In the second biological treatment tank 2, since the action of the animalcules with a slower propagation speed and the autolysis of the bacteria are used as compared with the bacteria, it is necessary to use operating conditions and treatment devices in which the animalcules and bacteria stay in the system. Therefore, in the second biological treatment tank 2, it is preferable to use an activated sludge method or a membrane separation activated sludge method in which sludge is transported. The second biological treatment tank 2 may have two or more stages of multi-stage construction. In the case of the membrane separation activated sludge method, the membrane separation device can be both in the tank type and the tank outer shape. However, by using the outer shape, it is possible to prevent the clogging of the membrane due to the dispersed bacteria, .

In the second invention, by providing the animal-animal holding carrier (22) in the second biological treatment tank (2), it is possible to effectively feed the animalcules, especially the dispersed bacteria, and to improve the solid-liquid separation of the sludge, Thereby increasing the amount of the filtrate-rich animalcules retained in the bath.

In other words, in the second biological treatment tank 2, not only the filtration predators of the filtration predators which predominate in the dispersed cells but also the agglomerate predators which can predose the flooded sludge are also proliferated. The latter predates flocking while swimming, so if it is prioritized, the sludge will be dirty and become a sludge with scattered flock pieces. This flock piece causes clogging of the membrane in the membrane separation activated sludge method. Therefore, in the second invention, the sludge of the second biological treatment tank 2 is periodically changed, that is, the SRT (solid retention time) is preferably 60 days or less, more preferably, 45 days or less, more preferably 10 days or more and 45 days or less. However, when the sludge concentration (MLSS) in the second biological treatment tank 2 is 2000 mg / L or less, the SRT may be 60 days. Here, SRT = (the amount of the sludge in the sludge concentration X in the aeration tank) ÷ (the amount of sludge discharged from the sludge concentration X 1 per day), and the sludge concentration MLSS indicates the suspended sludge concentration.

Then, the animal-animal holding carrier 22 is installed in the second biological treatment tank 2 in order to keep the filtration-trapped animalcules predating the dispersed cells in the second biological treatment tank 2. That is, this kind of animalcules is fixed to the sludge flocs and is maintained in the system, but since the sludge is taken out of the system with a constant residence time, it is necessary to supply the source in the system. At this time, if the carrier is a granular or angular fluidized bed, it can not be stably maintained at a high concentration by a shear force for flow, and the organic matter in the fluidized bed is completely treated to make the sludge flocs fine, Resulting in occlusion of the membrane.
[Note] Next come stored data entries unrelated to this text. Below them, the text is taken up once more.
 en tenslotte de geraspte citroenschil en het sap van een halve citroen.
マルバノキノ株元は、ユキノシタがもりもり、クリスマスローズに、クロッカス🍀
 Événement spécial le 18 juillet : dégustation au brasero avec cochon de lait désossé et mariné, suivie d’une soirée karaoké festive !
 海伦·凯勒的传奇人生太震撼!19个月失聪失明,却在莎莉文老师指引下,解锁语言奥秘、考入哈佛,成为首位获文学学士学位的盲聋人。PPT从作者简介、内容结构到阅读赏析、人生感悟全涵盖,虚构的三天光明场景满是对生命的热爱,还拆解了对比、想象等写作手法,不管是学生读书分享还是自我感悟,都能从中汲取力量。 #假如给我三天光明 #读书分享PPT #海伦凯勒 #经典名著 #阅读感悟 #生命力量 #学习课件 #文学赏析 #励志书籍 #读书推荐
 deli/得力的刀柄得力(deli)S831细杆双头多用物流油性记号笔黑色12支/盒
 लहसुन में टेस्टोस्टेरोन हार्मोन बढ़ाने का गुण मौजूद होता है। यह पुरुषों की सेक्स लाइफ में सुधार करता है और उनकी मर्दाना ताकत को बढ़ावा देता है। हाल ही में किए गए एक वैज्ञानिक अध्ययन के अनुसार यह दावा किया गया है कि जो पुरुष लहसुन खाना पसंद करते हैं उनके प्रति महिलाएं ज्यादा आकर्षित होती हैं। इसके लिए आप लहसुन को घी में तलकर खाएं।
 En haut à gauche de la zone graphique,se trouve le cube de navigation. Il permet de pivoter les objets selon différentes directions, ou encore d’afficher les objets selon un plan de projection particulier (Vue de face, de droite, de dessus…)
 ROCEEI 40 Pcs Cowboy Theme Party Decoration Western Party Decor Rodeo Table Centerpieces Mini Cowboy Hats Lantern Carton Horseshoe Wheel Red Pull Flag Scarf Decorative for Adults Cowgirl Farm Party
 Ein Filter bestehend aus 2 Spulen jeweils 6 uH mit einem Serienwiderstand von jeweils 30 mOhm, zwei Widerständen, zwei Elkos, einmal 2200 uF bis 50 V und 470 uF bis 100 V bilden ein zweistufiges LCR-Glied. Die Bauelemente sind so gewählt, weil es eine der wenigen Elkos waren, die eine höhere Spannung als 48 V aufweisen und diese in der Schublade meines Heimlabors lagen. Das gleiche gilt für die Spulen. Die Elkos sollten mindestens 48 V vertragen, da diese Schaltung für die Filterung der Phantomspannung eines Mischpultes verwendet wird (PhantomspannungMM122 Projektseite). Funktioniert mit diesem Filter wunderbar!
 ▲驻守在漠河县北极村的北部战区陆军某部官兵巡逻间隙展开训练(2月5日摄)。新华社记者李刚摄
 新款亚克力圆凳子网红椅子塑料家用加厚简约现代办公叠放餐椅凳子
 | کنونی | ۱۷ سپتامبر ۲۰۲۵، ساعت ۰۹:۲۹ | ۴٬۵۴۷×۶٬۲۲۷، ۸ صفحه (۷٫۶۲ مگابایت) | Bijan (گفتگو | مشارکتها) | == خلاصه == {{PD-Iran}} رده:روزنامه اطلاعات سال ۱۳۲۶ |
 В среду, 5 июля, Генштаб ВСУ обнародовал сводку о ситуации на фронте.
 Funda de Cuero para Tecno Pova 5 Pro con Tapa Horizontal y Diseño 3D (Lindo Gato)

Therefore, in the second invention, at least a part of the carrier other than the fluid carrier as the carrier to be provided in the second biological treatment tank 2 is fixed to the fixed carrier < RTI ID = 0.0 > . The shape of the carrier 22 in this case is arbitrary such as a shape of a thread, a shape of a plate, and a shape of a rectangle. The material of the carrier 22 is arbitrary such as a natural material, an inorganic material, and a polymer material, and a gel material can be used. Preferably, the porous urethane foam is formed in a plate shape or a rectangular shape having a thickness of, for example, 100 to 400 cm X 50 to 200 cm X 0.5 to 5 cm, and is preferably provided at a position where it is not exposed to aeration air.

In the second biological treatment tank 2, a large amount of foundation for holding the animalcules is required. However, if the filling rate of the carrier is excessively large, insufficient mixing in the tank and sludge spoilage occur, It is preferably about 0.1 to 20%.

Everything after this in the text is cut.